Вот оно, настоящее весеннее половодье. При всем желании я бы не смог перейти реку. Первоначально я думал пересечь ее по пути на север вдоль Сулуак-Крик, но сейчас я склоняюсь больше к иному варианту — идти вдоль Истер-Крик к его истоку. Я понимаю, что иного пути у меня нет. Истер-Крик не такой глубокий, и поэтому даже если я наткнусь на скрытую под снегом полынью и упаду, это будет не так опасно. Эта речка более предсказуема, а учитывая, что у меня не слишком много еды, я не могу позволить себе лишний раз рисковать. А переходить через бурные высокогорные реки — это в любом случае риск. Истер-Крик течет по открытой широкой долине, и я могу увидеть, что меня ждет впереди в ближайшие несколько дней. Правда, поросшие травой кочки и болота несколько затрудняют мое передвижение и делают его напряженнее. Я знаю, с какой скоростью буду идти, и поэтому могу точно рассчитать, сколько времени мне понадобится, чтобы добраться до реки Джон. Далее я надеюсь совершить марш-бросок и дойти от Джона до Анактувук-Пасс всего за три дня. Знаю, что к тому времени буду ужасно голоден, а мои съестные запасы практически закончатся, но я верю, что земная поверхность не будет хуже той, по которой я иду сейчас.
На одном из склонов я замечаю медведя, который, кажется, ест. Только когда медведь сдвинется с места, я смогу разглядеть, какой он породы. Он находится примерно в полумиле от меня. Я слежу за светло-коричневым пятнышком — на фоне холма он прекрасно различим. Этот мишка даже не подозревает, что я поблизости. Он семенит по склону, останавливается и начинает копать землю в поисках сочных кореньев или грызунов. В эту минуту все его мысли сосредоточены только на еде. Один из самых крупных млекопитающих хищников в мире (который также не брезгует и растительной пищей), медведь гризли, может позволить себе не обращать внимания на окружающий мир. Ни одно животное не пожелало бы столкнуться с ним, возможно, за исключением более крупного медведя.
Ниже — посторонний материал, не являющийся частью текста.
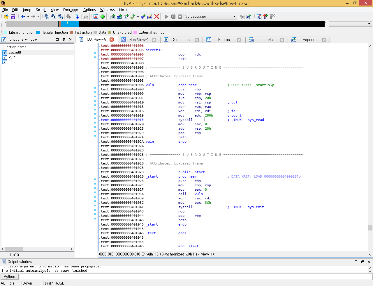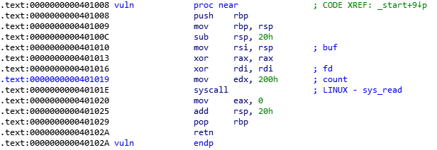 바이너리가 굉장히 심플합니다. nasm으로 구현된것 같네요. vuln함수를 보면 rsp에 입력을 받으니까 ret를 조작할 수 있습니다.
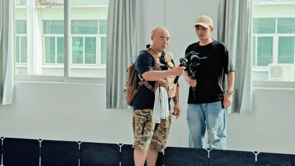 在拍摄当天,是这段时间里难得的好天气,而摄影师有条不紊的做这准备工作。云台、摄像机的调试、场景的考量、学生的表现,经过良好的沟通后,拍摄正式开始。但

Чуть позже мне навстречу попадается одинокий волк, поднимающийся со стороны реки. В отличие от медведя, волк сразу меня замечает. В первую минуту на меня находит ступор. Но вот я прихожу в себя и вижу, что волк остановился на середине пути, застыл без движения и смотрит прямо на меня. Затем он резко поворачивается и потихоньку убегает. Он несется вдоль речки, регулярно оглядываясь на меня, — проверить, не преследую ли его. Но я чувствую себя слишком слабым и усталым и, естественно, не собираюсь угрожать волку. Я очень хочу есть, поэтому сразу начинаю думать о том, как волки добывают себе еду. Они удивительным образом могут скрыться от человеческих глаз даже там, где нет ни деревьев, ни кустарников. Ему помогают серая окраска и не очень хорошее зрение охотника. За все путешествие я ни разу не видел волка, который бы несся опрометью без остановки. Волк должен уметь рассчитывать свои силы. Это помогает преследовать добычу и одновременно ускользать от хищников, которыми чаще всего бывают или люди, или другие волки.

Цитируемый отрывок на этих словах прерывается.